State House News Service / April 15, 2020
The House advanced a compromise bill Wednesday afternoon to temporarily ban almost all eviction and foreclosure proceedings statewide shortly after Democratic negotiators made a breakthrough, but appeared unable to win over their Republican counterparts.
Six days after the branches established a conference committee because they could not reach agreement informally on the time-sensitive topic, the panel’s Democratic leaders announced a deal on legislation that would impose a moratorium on most housing removals. Within an hour, the House adopted the committee’s report.
“This legislation will offer much needed relief to thousands of renters, homeowners, and small businesses across the Commonwealth,” Rep. Aaron Michlewitz and Sen. Brendan Crighton, who led the private negotiations, said in a joint statement. “It is our hope that the Legislature will approve this bill and send it to the Governor as quickly as possible.”

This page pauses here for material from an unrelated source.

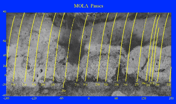 Locations of topographic profiles obtained by the Mars Orbiter Laser Altimeter (MOLA) while the Mars Global Surveyor spacecraft was in a 35-hour orbit around Mars. The tracks are overlain on a Viking image mosaic of the northern hemisphere of Mars. The MOLA instrument collected data from altitudes less than 470 miles (~750 km), which resulted in profiles of topography in the north-south direction as the instrument ranged for approximately 22 minutes during each orbit. Track numbers correspond to the number of spacecraft periapse, the point of spacecraft closest approach to Mars in a given orbit. (Credit: MOLA Science Team)

The bill (H 4647) aims to prevent residents from losing housing during the coronavirus pandemic by mandating a pause on all non-emergency evictions and foreclosures on occupied properties.
Under the compromise, landlords cannot terminate tenancy or send notices to quit in cases deemed “non-essential.” Courts — which already are not scheduling new hearings to comply with a Trial Court standing order — are banned from accepting new complaints, entering judgments or default judgments, issuing executions or holding trials for non-emergency eviction processes.

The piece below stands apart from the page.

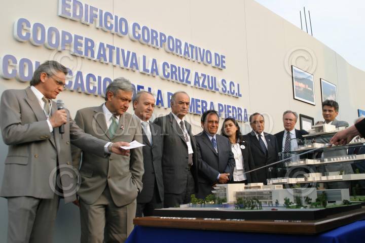 MEXICO, D.F. 28MARZO2005.- A la derecha, Andrés Manuel López Obrador, jefe de Gobierno capitalino, se despide de los asistentes a la ceremonia de colocación de la primera piedra del edificio corporativo Cruz Azul, ubicado en Av. Gran Sur. FOTO: Sandra Perdomo/CUARTOSCURO.COM

“It’s going to be a big difference for those folks who fear they can be put out of their homes during this crisis,” Crighton told the News Service. “Obviously we applaud the Trial Court for taking the action they did, but the people I talk to every day want a sense of certainty, and I believe this legislation will give them that.”
Both residents and small business owners who rent property cannot be charged late fees for not paying rent as long as they submit notice and documentation within 30 days that the missed rent “was due to a financial impact from COVID-19.” Landlords are also barred from notifying consumer reporting agencies about failure to pay.
The bill explicitly notes, however, that it does not relieve tenants from their rent obligations or prevent landlords from recovering rent.
Property owners can dip into the final month’s rent paid ahead of time when possible, but they can only use that money on expenses such as mortgage and repairs and cannot use it to cover a month of unpaid rent. They must notify tenants in writing of any decision to do so, and they will still face obligations to consider the final month covered.
Mortgage holders can seek forbearance from monthly payments for up to 180 days under the bill in another form of attempted financial relief.
The bill’s moratorium and loosened restrictions would expire 120 days after it is enacted or 45 days after Baker rescinds his emergency declaration, whichever comes sooner, though it allows the governor to extend the timeline if the crisis continues.